Now add adjustment layers for the bear. Make a new levels adjustment layer with the settings: 8, 0.70 and 255. Add a Hue/Saturation adjustment layer and bring down the
master channel by -50. Also desaturate the yellow, green, cyan and blue channels by -100.
To create shadows for the bear, choose one of the copied bear layers, left-click and select Convert to Smart Object. Left-click again and select Rasterize Layer. Make sure that the layer is selected and go to Layer > Transform > Flip Vertical. Use free transform to adjust the shadow to its place (Cmd + T). Hold down Cmd when in free transform to adjust the angle of the shadow. Select Filter > Blur > Gaussian Blur, with a Radius of 15 px, to soften the shadow. Finally bring down layer opacity to 40%.
Now select the second copied bear layer and press Cmd + U to bring out the Hue/Saturation panel. Bring down the lightness to -100. Add a vector mask for the layer and use the gradient tool to draw the mask. Make sure that the gradient tool is set to default (from black to white).

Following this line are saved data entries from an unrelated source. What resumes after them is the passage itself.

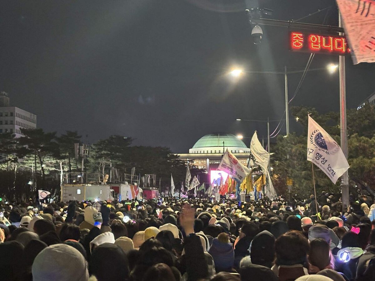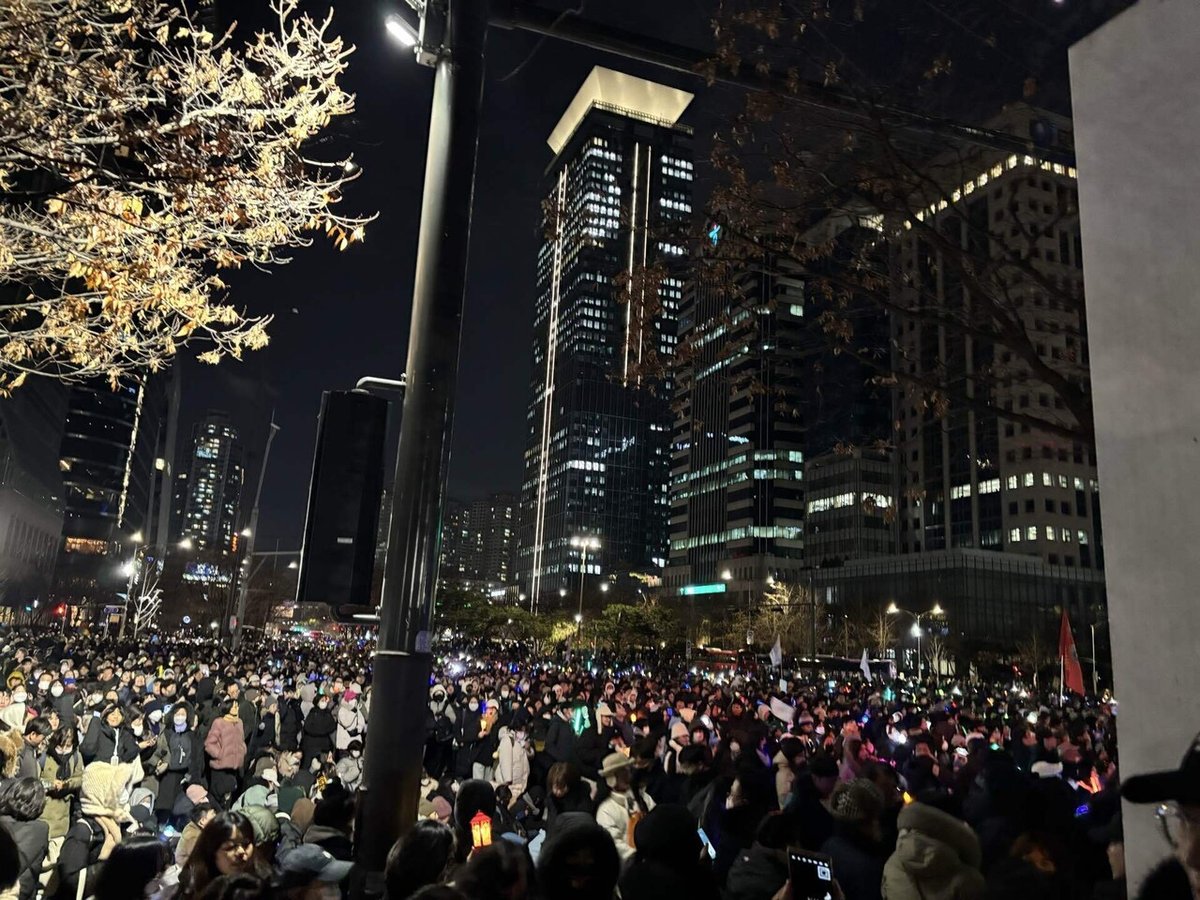 12月3日非常戒厳令が発令された夜に、たくさんの韓国人が国会前に集まった。
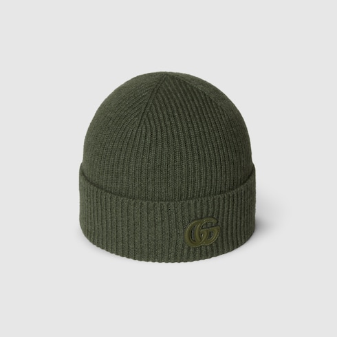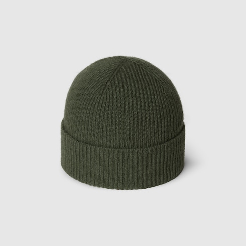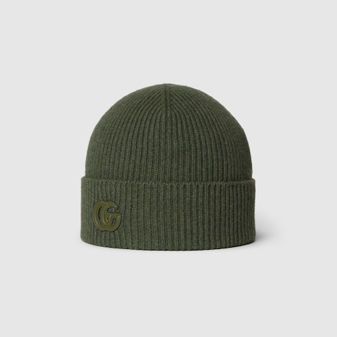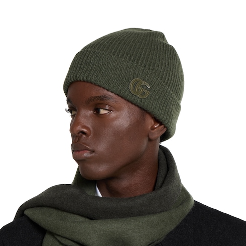 Die Accessoires aus weichen Stoffen und Seide aus der Pre-Fall 2025 Kollektion hauchen bekannten Codes des Hauses durch raffinierte Besätze, Logo-Patches und dezente Stickereien neues Leben ein. So wird diese Mütze aus dunkelgrünem Kaschmir von einem Doppel G Patch aus Leder ergänzt.
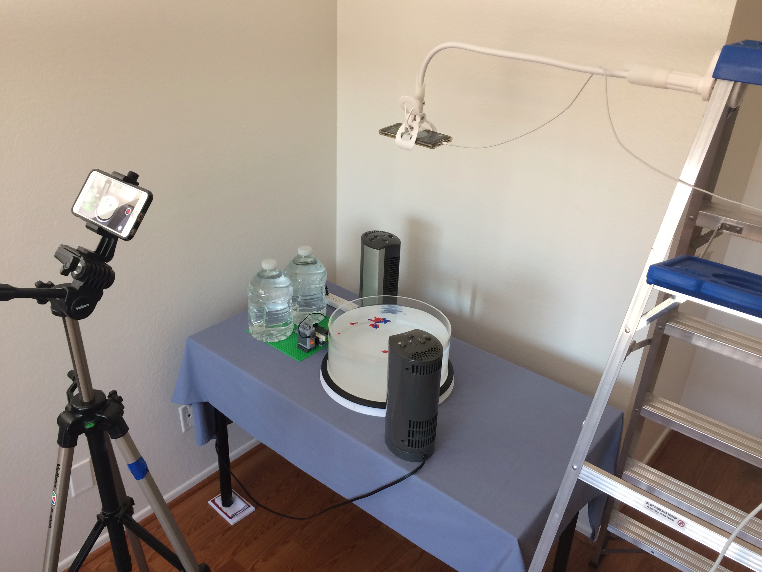 Smartphones are convenient and effective for capturing footage of experiments! Your filming setup will depend on your objectives but more often than not, required equipment can either be found in your household or purchased affordably. The gooseneck camera clamp (pictured supporting the smartphone above the tank) is very useful — its flexibility enables framing the right shot whilst staying out of way of experiments.
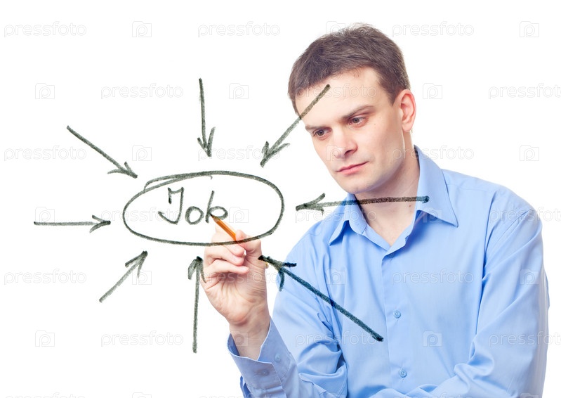 Бизнесмен пишет слово "работа" на белом фоне
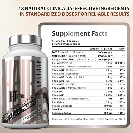 Thông tin sản phẩm Ultra Premium DHT Blocker Hair Growth Vitamins – Hair Synergy, The UK’s #1 Hair Thickening DHT Blocker Hair Growth Supplements for Women & Men | 10,000mcg Biotin Tablets, Pumpkin Seed Oil, 90 Capsules
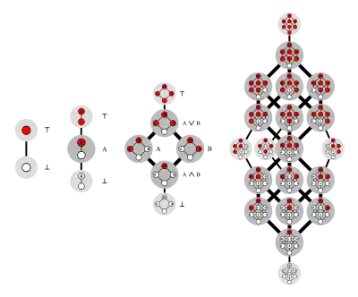 En mathématiques, les nombres de Dedekind , définis en 1897 par Richard Dedekind[1], dénombrent les fonctions booléennes croissantes à variables. De manière équivalente, est le nombre d'antichaînes formées avec les parties d'un ensemble à éléments, ainsi que le nombre d'éléments d'un treillis distributif libre à générateurs, ou encore, diminué de 1, le nombre de complexes simpliciaux abstraits sur un ensemble à éléments.
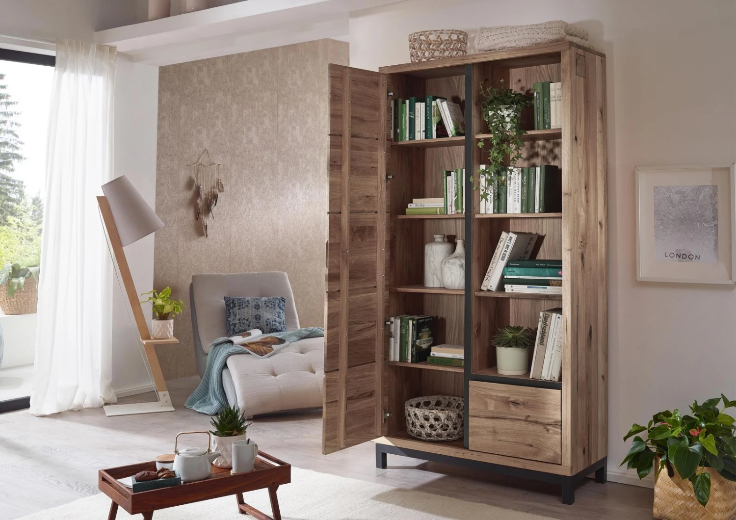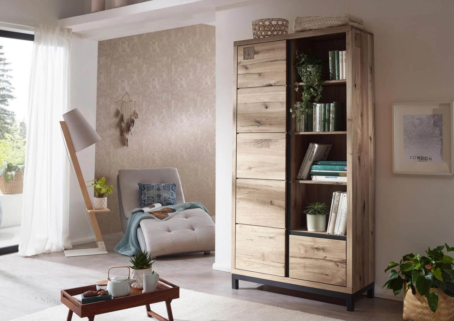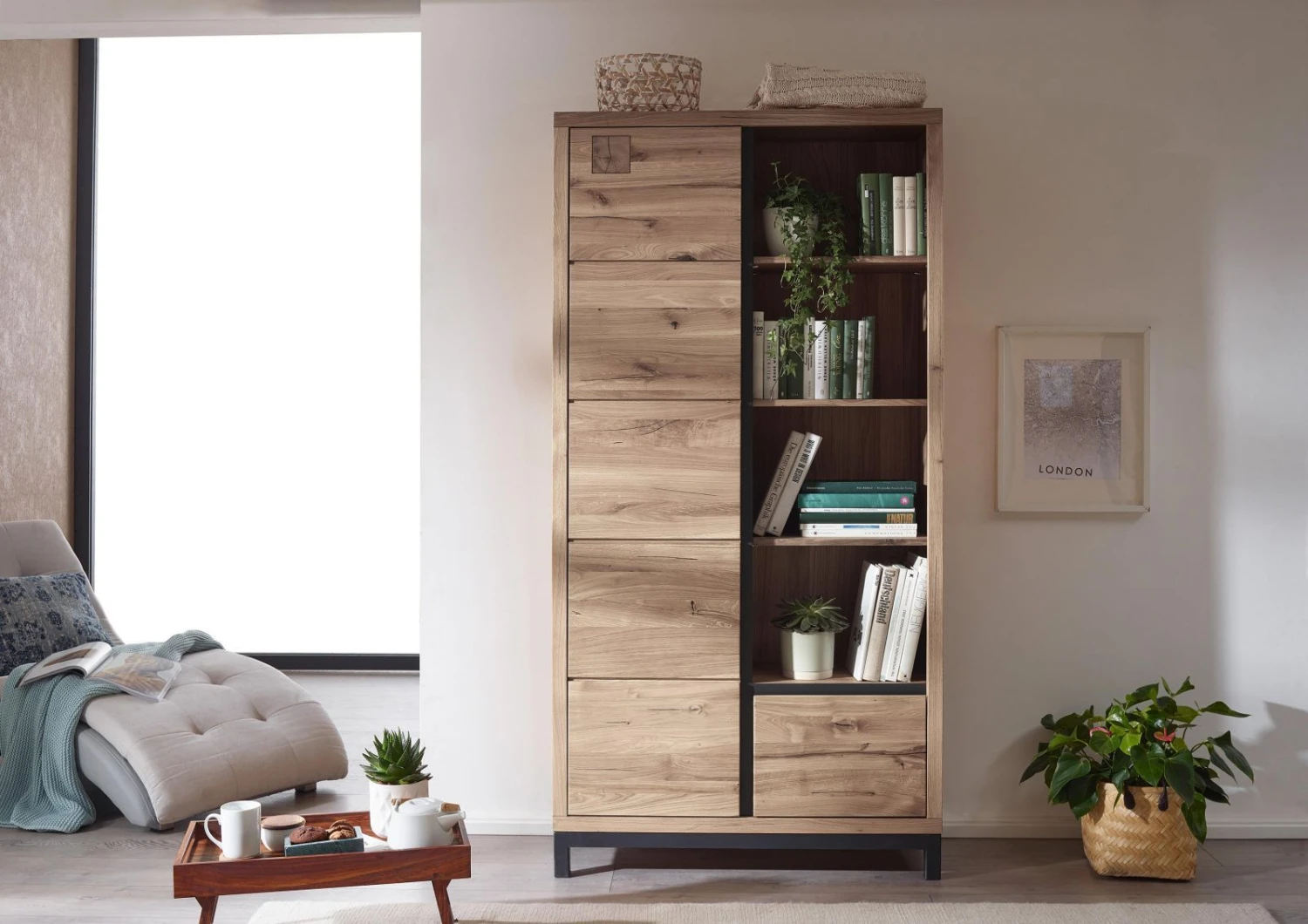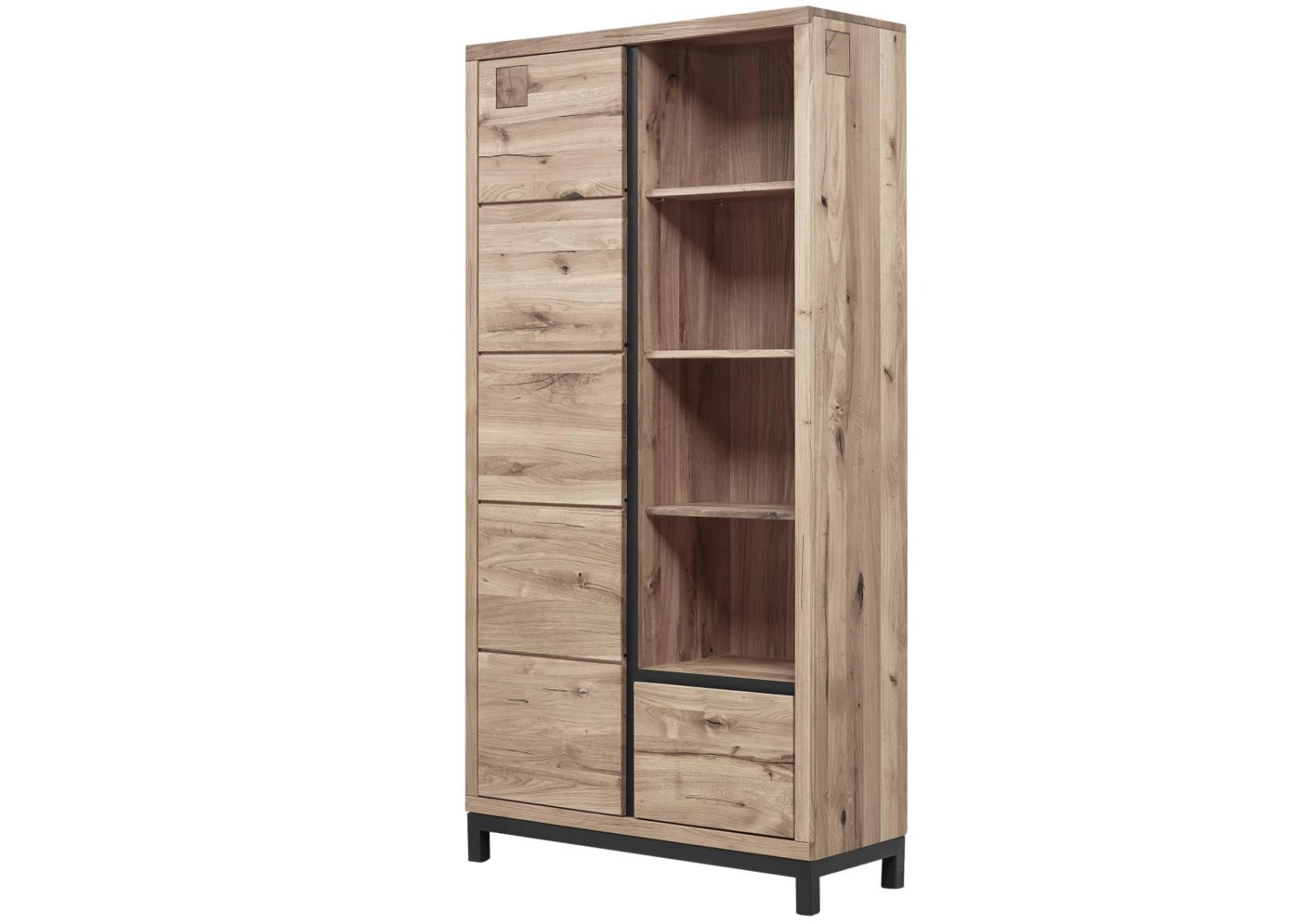 Libreria in legno massello di quercia selvatica, trattamento oliato della superficie, design moderno, ottima compattezza e solidità. La struttura fonde armoniosamente il metallo grigio satinato con il materiale naturale dellesoscheletro e dei vani di contenimento. La libreria in legno massello presenta sulla sinistra uno scomparto con sportello ad anta, sulla destra quattro ripiani aperti e in basso un singolo cassettone telescopico dotato di sistema di scorrimento fluido soft close. Il mobile non presenta maniglie ma le aperture sono tutte a gola, per mantenere continuità nelle linee e nei profili. Il componente di interior funge alloccorrenza da scaffale e può essere collocato nel salotto o nello studio..
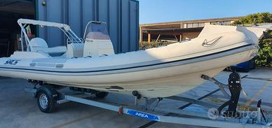 GOMMONE SACS mod.S680, in ottimo Stato anno di costruzione 2007, completo di cuscini , autoclave con doccia e riserva idrica , impianto luci di Via , pompa di sentina, roll-bar in acciaio Inox , tendalino, verricello elettrico salpa ancora , bitte a poppa , consolle di guida con timoneria idraulica, cruscotto porta strumenti, musone di prua in VTR, scaletta, serbatoio carburante sotto consolle, bussola , VHF , GPS, marca Lowrance modello Elite 9 Ti.

Now the forest and the bear have been blended together. Your image and your layer panel should look something like this:
Open the lamp picture. Cut out a lamp by using the pen tool. Drag the selection to the main illustration and duplicate it. Now place the other lamp to the ground next to a tree
and use a vector mask to make it look like it's behind the tree's roots. Use free transform to adjust the size of the second lamp and place it to the tree on the right side.
Create a new layer and select the brush tool with a color that matches with the lamps' light. Start drawing different sized dots and lines around the lamps with a small brush. When you're done, use Gaussian blur and motion blur on the layer to make it look more vivid. Duplicate the layer as many times as you wish and play around with layer opacity and blending modes if you like. Do this for both lamps.
Add some more light around the lamps. Make a new layer; pick an orange/yellow color and paint around the left lamp. Use Gaussian blur and set the blending mode to screen. Set the opacity to 30%. Do the same thing for the right lamp, but set the opacity 15%.
Here's what your work should look like:
Now enhance some of the lines in the illustration. Make a new layer and select the brush tool with foreground color set to white. Set the brush size to 4 px and hardness to 100%.
Start drawing lines that follow the shapes in the illustration. You can paint a lot or just focus on the bear. When you're done, left-click one of the lines and select Stroke Path.
Choose Brush and Simulate Pressure. Left-click the lines again and select Delete Path. Make a vector mask for the layer and start to mask them out so that they blend nicely but still
clearly highlight your illustration.
Bring out the bear's eyes by painting white dots over the eyes using the brush tool. Duplicate the layer, and set the blending modes to overlay.
Add some mist in the front. Once again we're going to use the good old brush tool. Paint with white, use Gaussian blur and bring down the opacity to around 60%.
Almost done! Let's add some finalizing touches. At the very top of the layer panel, add a Photo Filter adjustment layer. For the filter, select deep blue and set density to 40%. Then add a Gradient Map adjustment layer. Make it go from dark blue to white and set the blending mode to overlay.
And bang, you're done! You can keep working with the lighting, add some more stuff in there or change the colors as you wish. I hope that you learned something useful with this tutorial.